## Problem to solve
Extract, exactly and without pictures, every line from the one that includes "Elegant and festive" through the final line of the material below.

## Information provided
↓

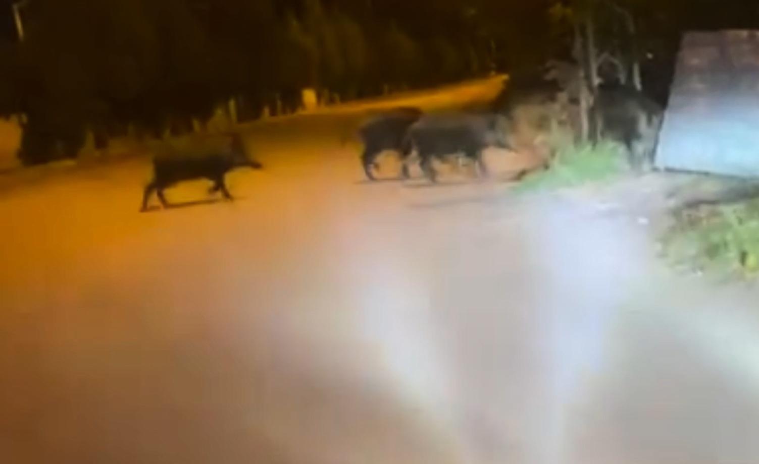 İbrahim EMÜL / OSMANİYE (DHA) – OSMANİYE’de, yiyecek arayan yaban domuzları, gece saatlerinde şehir merkezine indi. Merkez Akyar Mahallesi Polisevi yolu üzerinde gezen domuz sürüsü, vatandaşların cep telefonu kameralarına yansıdı. Görüntülerde, aç kalan yaban domuzlarının yiyecek ararken araçların farları ve çalınan kornalar nedeniyle paniklediği, bir evin bahçesine girip ardından hızla ormanlık alana yönelerek gözden kaybolduğu görüldü. (DHA)
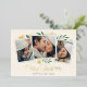 Elegant and festive holiday photo card frames three of your favourite square photos with a subtle deckled edge border and green holiday foliage peeking out at the corners with gold foil poinsettia flowers and berries. "Merry Christmas" appears along the bottom in foil calligraphy script, with your names beneath.
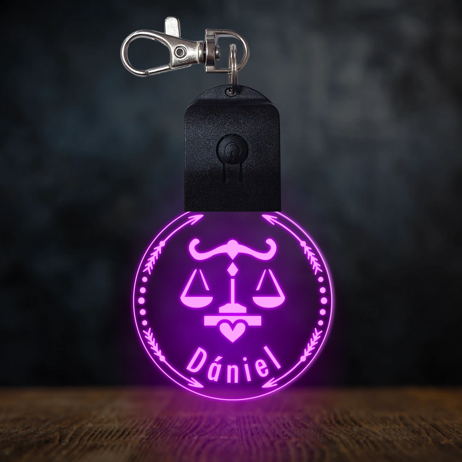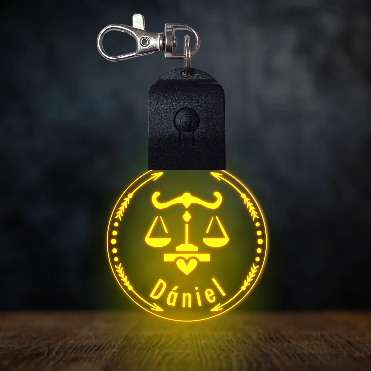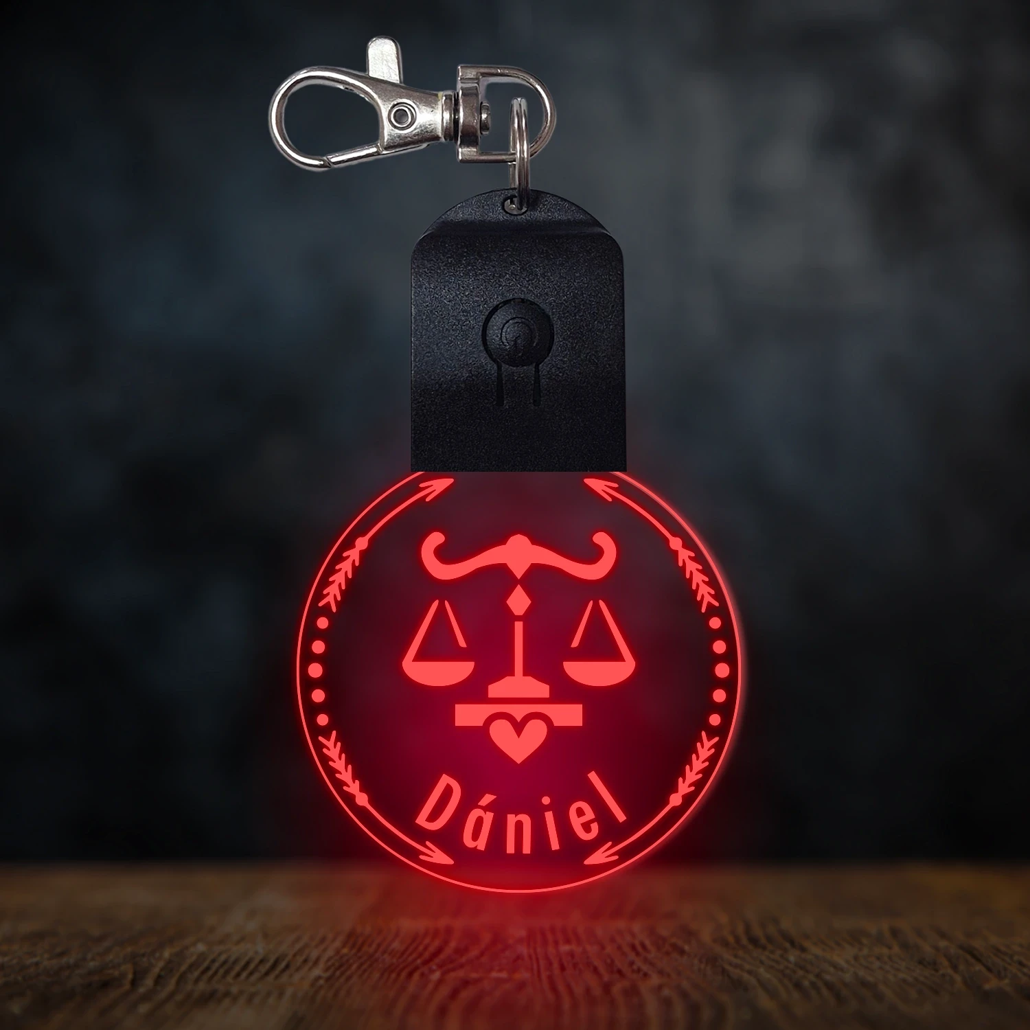 Mérleg csillagjegyes világító led kulcstartó - Egyedi felirattal

↑

## Task output
 Elegant and festive holiday photo card frames three of your favourite square photos with a subtle deckled edge border and green holiday foliage peeking out at the corners with gold foil poinsettia flowers and berries. "Merry Christmas" appears along the bottom in foil calligraphy script, with your names beneath.
 Mérleg csillagjegyes világító led kulcstartó - Egyedi felirattal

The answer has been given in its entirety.